[Dataset entries]
━━━━━━━━━━━━━━━━━━━━

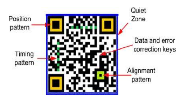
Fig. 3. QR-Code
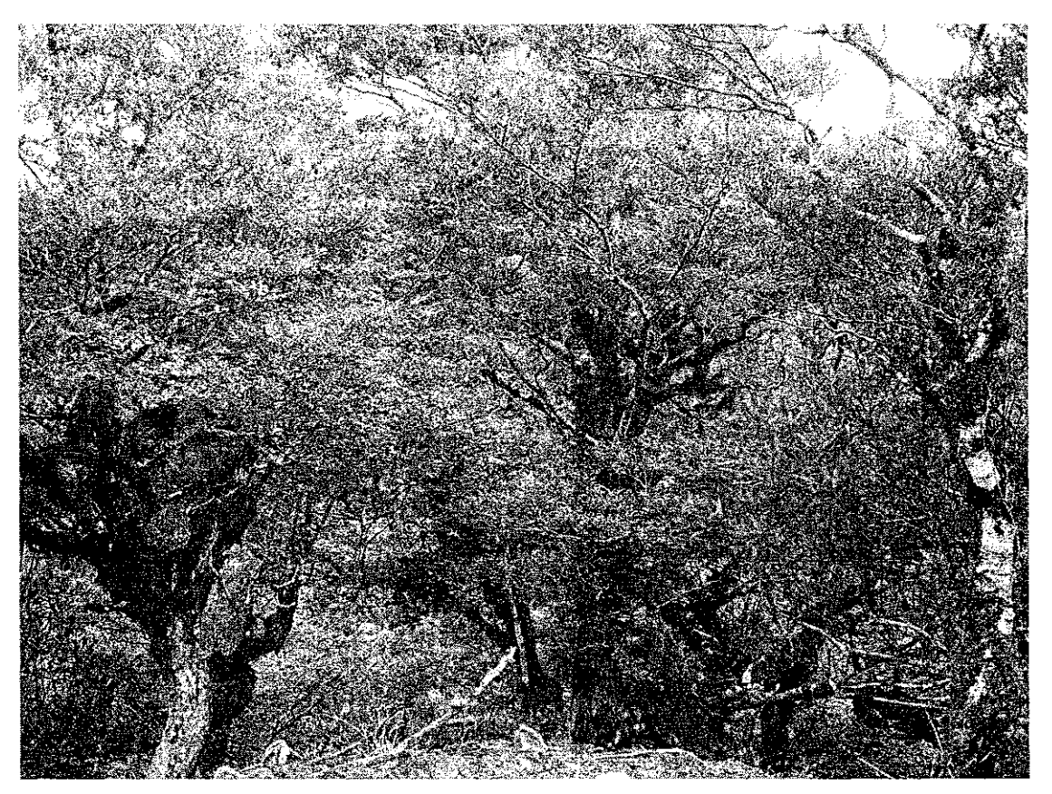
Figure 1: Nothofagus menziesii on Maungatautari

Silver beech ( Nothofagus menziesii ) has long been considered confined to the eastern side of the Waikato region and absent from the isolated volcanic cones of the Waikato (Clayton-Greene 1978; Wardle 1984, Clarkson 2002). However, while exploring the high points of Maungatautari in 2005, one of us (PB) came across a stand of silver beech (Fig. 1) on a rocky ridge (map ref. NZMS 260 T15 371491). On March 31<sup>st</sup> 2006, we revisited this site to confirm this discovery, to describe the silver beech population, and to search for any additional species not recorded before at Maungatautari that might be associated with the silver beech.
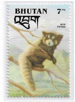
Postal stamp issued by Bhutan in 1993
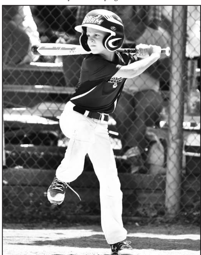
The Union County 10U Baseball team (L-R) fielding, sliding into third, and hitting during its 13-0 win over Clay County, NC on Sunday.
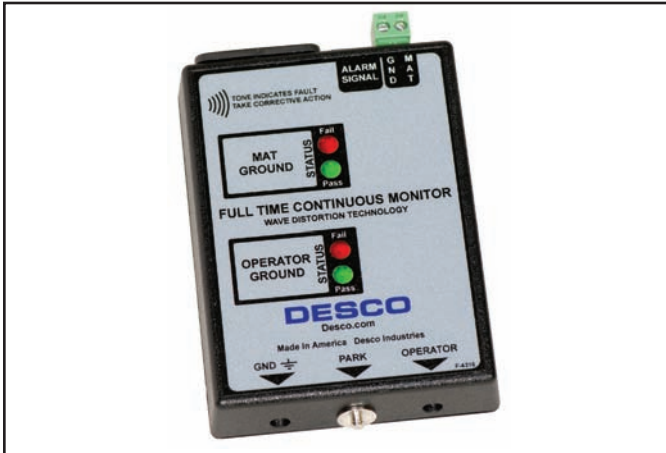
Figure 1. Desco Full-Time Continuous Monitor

━━━━━━━━━━━━━━━━━━━━

What the task asks:
The lines from the one holding "The Union County" to the final line of the entries are to be duplicated exactly, and the pictures are to be left out.

Written answer:
The Union County 10U Baseball team (L-R) fielding, sliding into third, and hitting during its 13-0 win over Clay County, NC on Sunday.
Figure 1. Desco Full-Time Continuous Monitor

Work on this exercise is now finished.